Customers ask us, "Is it time to replace my brakes yet? It seems like it's been quite a long time since I replaced them." We've seen various blogs suggesting brakes should be replaced every 20,000, 50,000 or even 70,000 miles. While you can replace your brakes at certain mile markers as means of preventative maintenance, a more accurate answer might be that it depends on your driving.
Some people are more aggressive drivers. They tend to rev their engine to a max and stop at the very last second. You've seen 'em. And you know if it's you. These people are replacing everything on their car faster, not just their brakes—tires, brakes, rotors, oil, suspension and often their cars.
Other more passive drivers (often dubbed "Sunday Drivers") like to take it real slow and easy. They take the full 1/4 mile to get up to 35 mph and then take the next 1/4 mile letting the car ease down to 20 mph before applying their brakes. Yup, this driver may only replace their brakes once in a lifetime. They also likely only drive 20,000 miles over the 10 year life of the car too.
Cars will actually tell you when something needs to be replaced if you listen and know the warning signs. Sorry to be a bit religious here, but your car is a bit like the Holy Ghost. Yup, that's right. We just went there. It might be putting out the signs, but unless you know what to listen for, AND actually pay attention you may never hear it, until it's too late. And when it's too late, that still small voice becomes the loud crier of hard repentance. And, nobody wants that. It's costly and often requires more than just the basic fixes to get everything back to normal.

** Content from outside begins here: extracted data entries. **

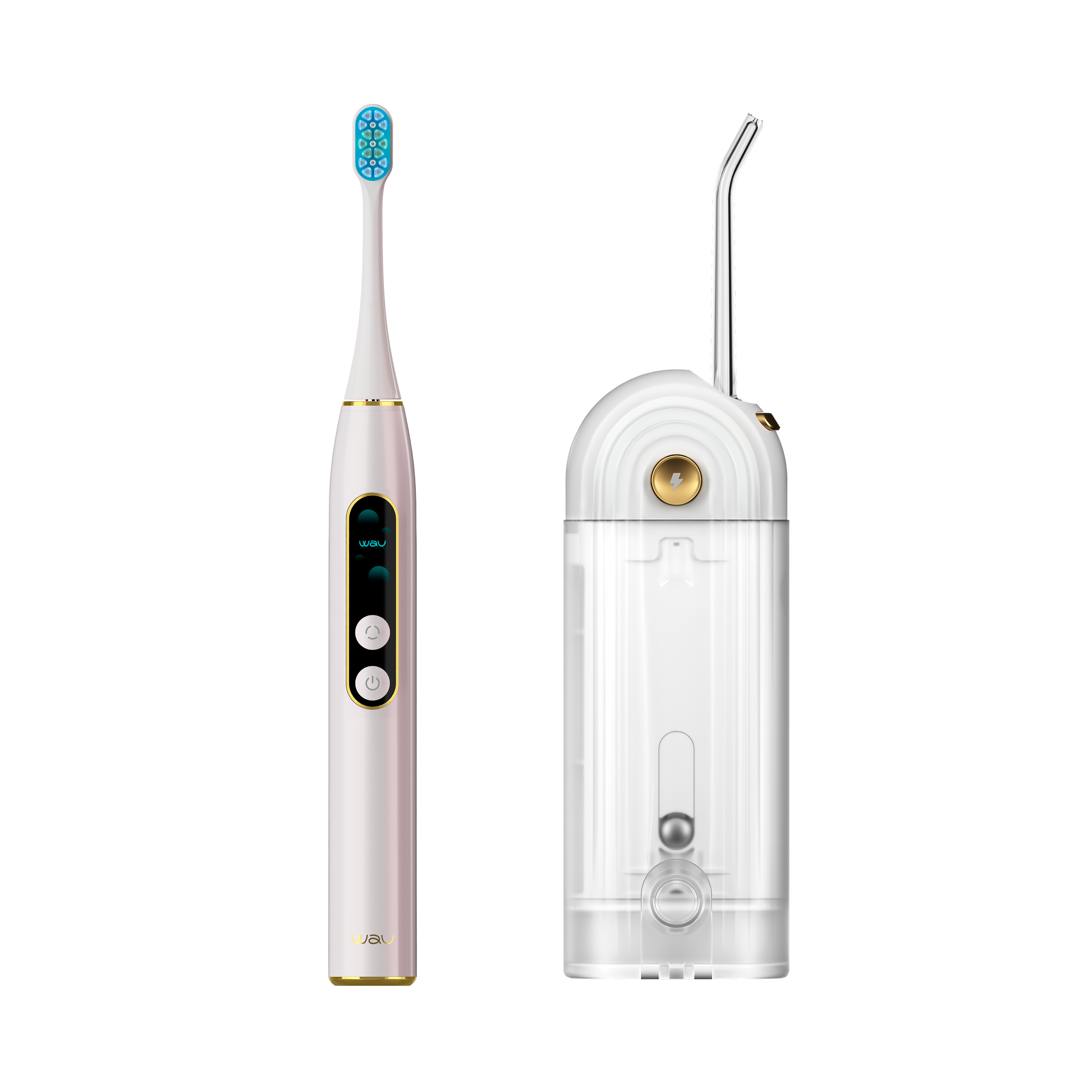 O combinație pentru o igienă impecabilă. Periajul sonic MORI 2.0 curăță profund smalțul și masajează gingiile, în timp ce irigatoarea portabilă MIGA Pro completează îngrijirea, eliminând murdăria din zone greu accesibile și asigurând sterilitatea.
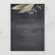 Rustic watercolor botanical greenery leaves on moody dark indigo grey background, elegant and romantic, great detail cards or direction cards for vintage rustic wedding, country wedding and garden wedding at night in fall and winter.
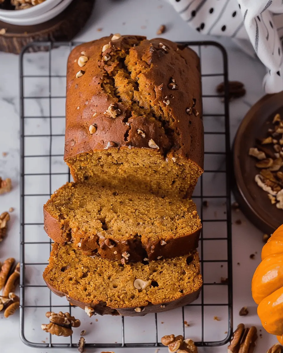 Once it’s done, let your pumpkin bread cool in the pan for about 10 minutes before transferring it to a wire rack to cool completely. The waiting might be the hardest part, but it’s worth it when you slice into that warm, spiced goodness.

So, to help you know what to listen for... here's 3 top signs to replace your brakes.
1. A High Pitch Squeal. On the backside of your brakes there's often a metal stem that pokes out (not always). The purpose of this is to act as an early warning sign that the pads are wearing thin and it's time to get them replaced sooner than later. You'll hear this high pitch squeal as you tap on the brakes more than as a constant whine. If you let this go too long, you'll end up hearing more of a grinding noise. If you're hearing a hard grinding, or scraping, noise when braking than you've got a more urgent braking issue. We discussed this previously in How to Know When It's Time to Replace Your Rotors.
2. Softer Braking. There are 2 things that "softer braking" can mean. Let me explain this one. When you're brakes are new, you don't have to push on the brake pedal as hard, or rather the brakes engage sooner; the pedal doesn't go all the way to the floor before the brakes engage. If you find your brakes not engaging "as good as they used to" it's likely time to have someone check this out.

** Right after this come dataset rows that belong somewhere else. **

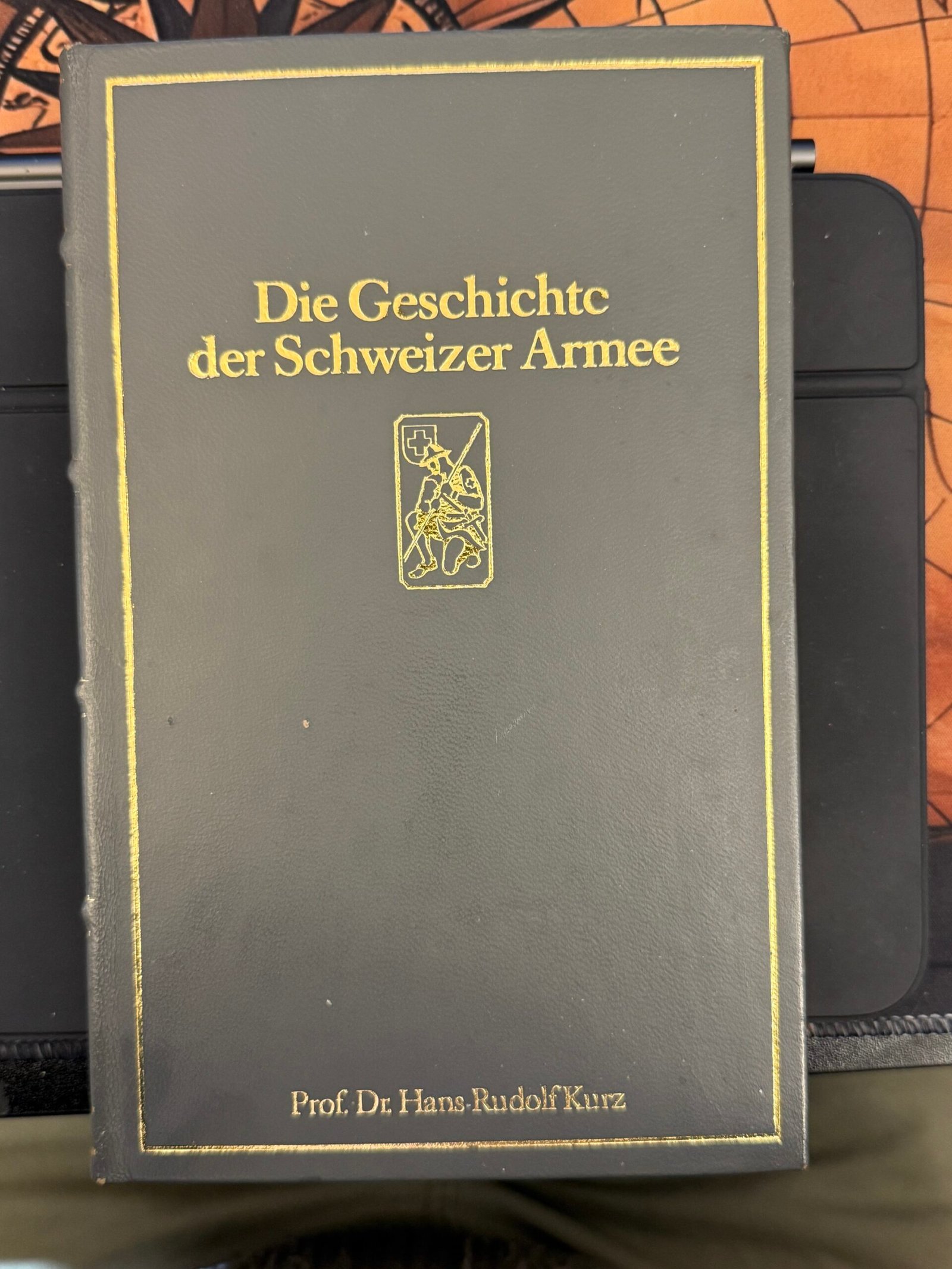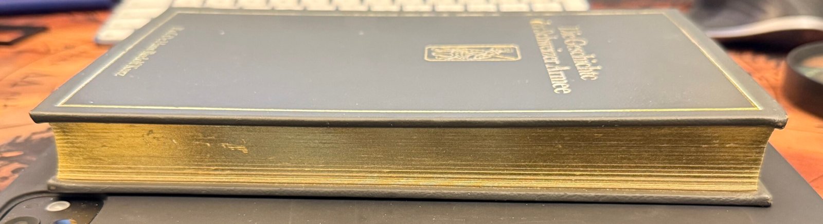Auf den Bildern ist keine Briefmarke erkennbar, sondern ein Buch mit dem Titel „Die Geschichte der Schweizer Armee“ (dunkelblauer Einband, Goldschnitt). Es sind weder Motiv, Land, Jahr, Nominale noch Stempel mit Datum oder Ort einer Briefmarke sichtbar.
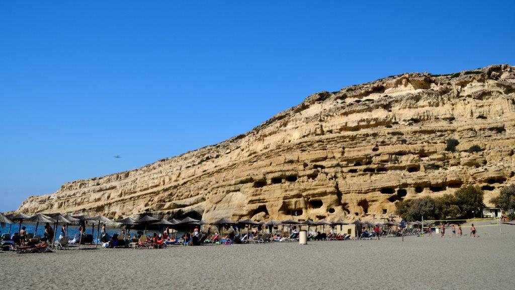 Wer in dieser Gegend den Süden der Insel aufsucht, darf nicht an Mátala vorbeifahren. Allein aus mythischen Gründen nicht. Vor unzähligen Götterjahren brachte der als Stier verkleidete Zeus die von ihm geraubte phönizische Prinzessin Europa an Land. In der Bucht von Mátala. Okeh, davon hatten wir schon gehört. Aber im heutigen Mátala war vom Anlanden der beiden nichts zu sehen. Seitdem vegetierte der Flecken vor sich hin. Bis Anfang der 1960er Jahre war der Ort eher ein Fischerstandort, wobei die Mehrzahl der Fischer im Hinterland wohnten. Also tote Hose. Bis die Hippie-Welle nach Europa (nicht zur Europa!) überschwappte. Die Blumenkinder wohnten in den Höhlen oberhalb der Bucht; man gründete eine Kommune; man lebte mehr oder weniger gut. Bis die Welle ausschwappte und die Normalität einkehrte. Aus dem Hippie- wurde ein ganz normaler Urlaubsort mit ausgezeichnetem Strandleben,
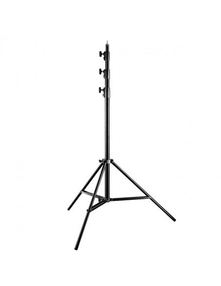 The lamp tripod WT-420 is a high-quality solution for studio photographers. At a net weight of only 6kg and a transport size of approx. 131cm the excellently processed stand can be used portably and flexibly. You can also use studio flashguns or reflectors up to a weight of 7.5kg with this tripod. The spring suspension provides the necessary safety when lowering the individual stand elements. With the standard spigot connection 5/8 inch the studio stand is suitable for all common studio flashguns and lights.

A bit off topic, but let's quickly explain the other "softer brakes" description. The second instance in which "softer braking" is used when you're brakes feel "hard" when you first step on the brake pedal, but then "soften" and then the pedal slowly falls to the floor rather than holding firm. This action forces you to pump the brakes to get the vehicle to stop. If this is sort of thing is happening it's likely the brake master cylinder has developed a leak or your brake boot is ruptured. In either instance, you'll want to have a qualified mechanic take a closer look and tell you exactly what needs to be done to fix the issue.

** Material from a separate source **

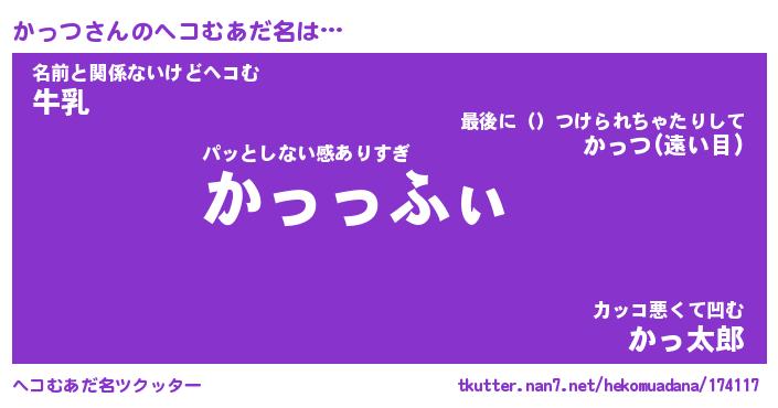 | 胡散臭い通販商品みたいなあだ名 | 『モテモテ間違いなし霊験あらたかなお札…その名も「かっつ」』 |
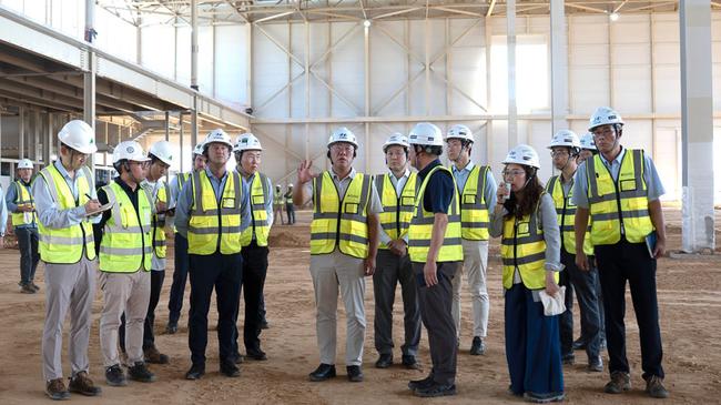 정의선 회장(가운데)이 사우디 신공장 건설 현장을 둘러보고 있다.

3. Longer stopping periods. If you find that it takes you longer to stop than normal, this could be because the pads are worn down. Sometimes you can look at the brakes through your rims and see them. If they look slim, replace them. If you're unsure, request a mechanic to come out and take a look.
Back brakes are a bit more hard for people to tell. And it's good to have them looked at when replacing the front brakes. Knowing when to replace the back brakes while driving may take a bit more of a refined sense of car whispering, or being in-tune with your car. The best way to describe when your back brakes may need to be replaced is if the car doesn't "sit" when you brake. Here's what I mean. While your front brakes take the brunt of the work, your back brakes actually work in tandem to maximize stopping power. When braking the back brakes engage also, but they only apply just enough pressure to pull the vehicle back as you stop. The result is a "sit." Under normal braking instances (not emergency or hard braking instances) if the car feels like your being thrown forward while braking —then it's possibly time to have your back brakes looked at as well.
Please Note: It is always best practice to replace your rotors with each brake job so that your brakes and rotors seat properly. If you opt to replace your brakes without replacing your rotors, this voids brake warranties against noise and drivability.